Supplied information:

============================================================

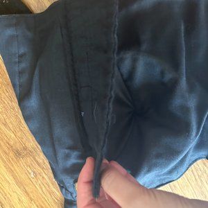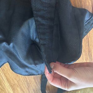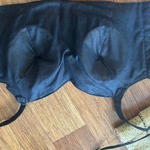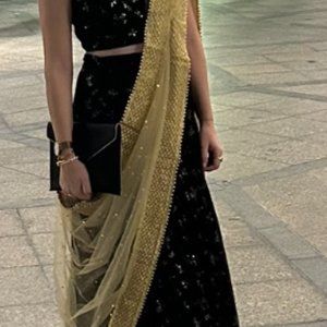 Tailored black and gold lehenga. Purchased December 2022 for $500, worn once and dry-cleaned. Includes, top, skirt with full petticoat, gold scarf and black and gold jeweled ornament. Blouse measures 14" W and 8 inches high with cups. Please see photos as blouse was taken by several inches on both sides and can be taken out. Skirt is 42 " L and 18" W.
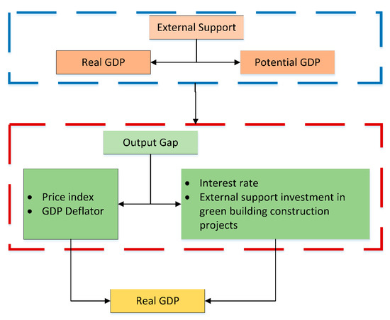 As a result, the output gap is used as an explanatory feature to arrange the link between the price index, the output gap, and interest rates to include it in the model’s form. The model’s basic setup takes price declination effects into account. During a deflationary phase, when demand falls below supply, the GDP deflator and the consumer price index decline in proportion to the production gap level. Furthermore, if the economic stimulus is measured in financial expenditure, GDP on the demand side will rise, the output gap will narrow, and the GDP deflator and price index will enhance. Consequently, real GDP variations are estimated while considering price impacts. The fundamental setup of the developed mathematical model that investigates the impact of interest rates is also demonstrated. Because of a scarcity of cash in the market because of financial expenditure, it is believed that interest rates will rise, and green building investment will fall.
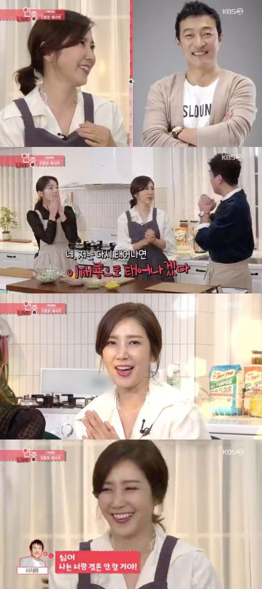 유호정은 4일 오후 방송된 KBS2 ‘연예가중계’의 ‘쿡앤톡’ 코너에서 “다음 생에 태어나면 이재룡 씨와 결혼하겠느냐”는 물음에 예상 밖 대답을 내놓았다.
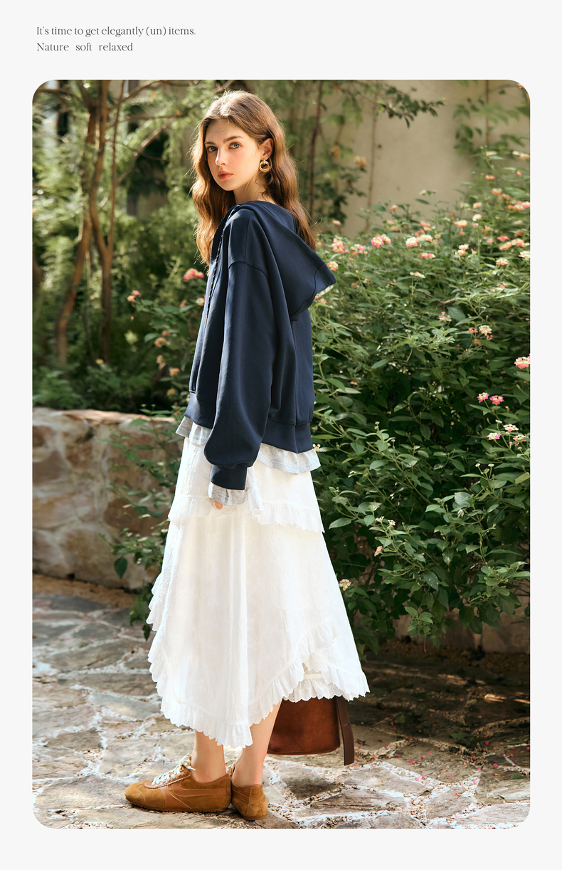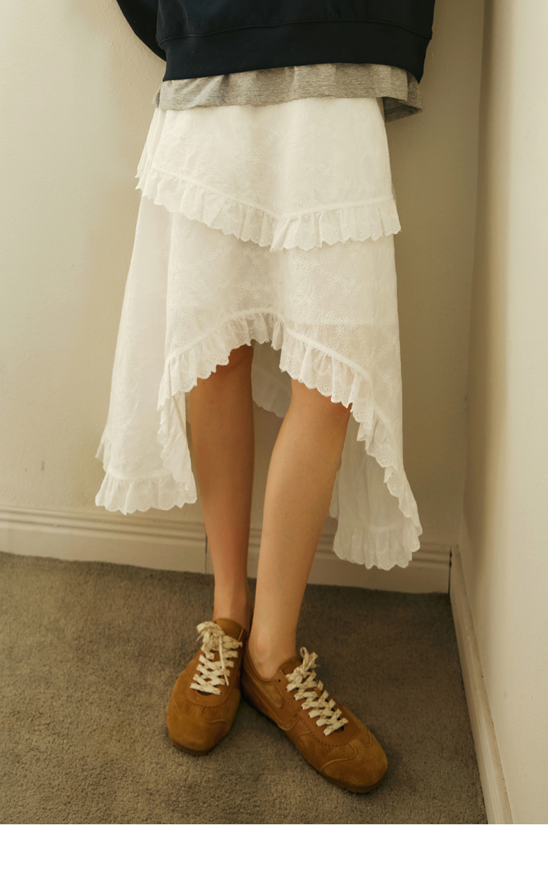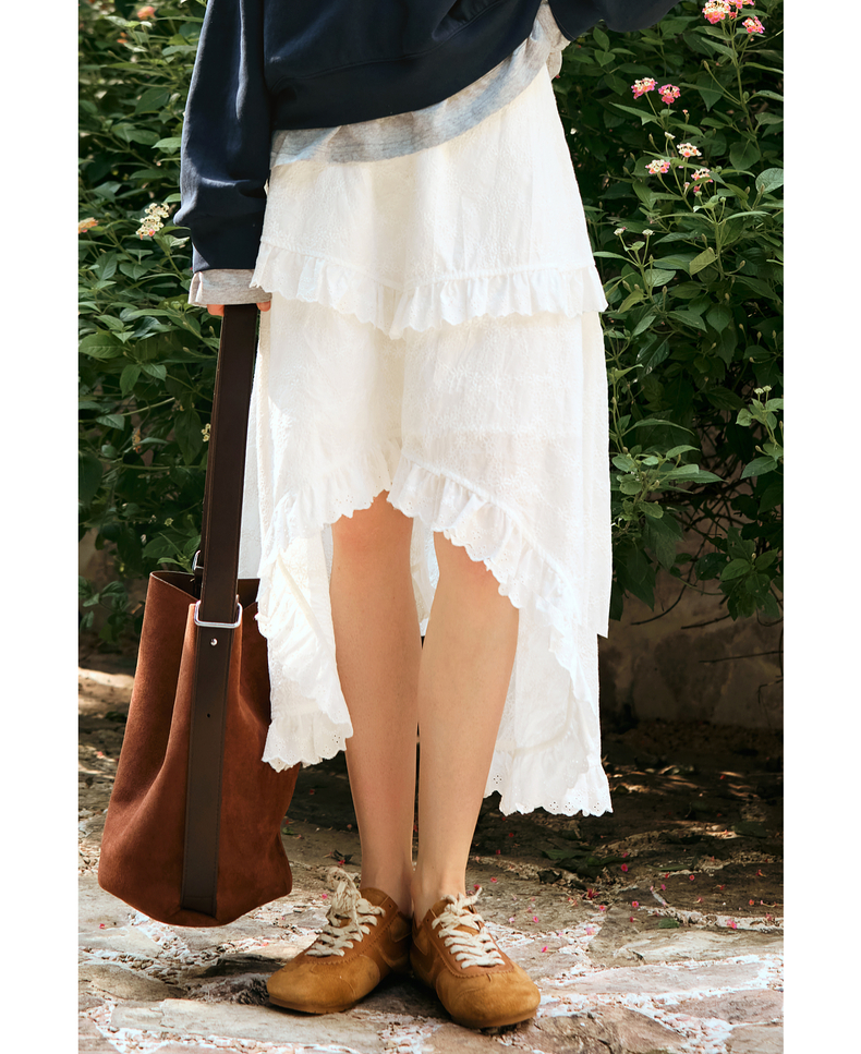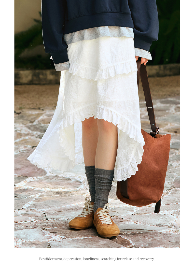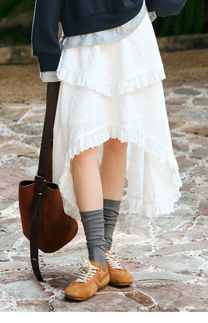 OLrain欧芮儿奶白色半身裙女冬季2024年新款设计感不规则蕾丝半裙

============================================================

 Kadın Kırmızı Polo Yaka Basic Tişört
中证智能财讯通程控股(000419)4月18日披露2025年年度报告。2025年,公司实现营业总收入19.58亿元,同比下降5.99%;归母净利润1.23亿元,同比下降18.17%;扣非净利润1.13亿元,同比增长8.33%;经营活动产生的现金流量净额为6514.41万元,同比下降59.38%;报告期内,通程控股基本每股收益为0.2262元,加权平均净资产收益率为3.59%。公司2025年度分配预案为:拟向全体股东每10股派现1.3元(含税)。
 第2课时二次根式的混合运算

============================================================

Exercise aim: From the listing above, repeat exactly the lines starting at the line that includes "Kadın Kırmızı Polo Yaka Basic Tişört" and ending at the line that includes "第2课时二次根式的混合运算", with nothing outside that span.

Written response:
 Kadın Kırmızı Polo Yaka Basic Tişört
中证智能财讯通程控股(000419)4月18日披露2025年年度报告。2025年,公司实现营业总收入19.58亿元,同比下降5.99%;归母净利润1.23亿元,同比下降18.17%;扣非净利润1.13亿元,同比增长8.33%;经营活动产生的现金流量净额为6514.41万元,同比下降59.38%;报告期内,通程控股基本每股收益为0.2262元,加权平均净资产收益率为3.59%。公司2025年度分配预案为:拟向全体股东每10股派现1.3元(含税)。
 第2课时二次根式的混合运算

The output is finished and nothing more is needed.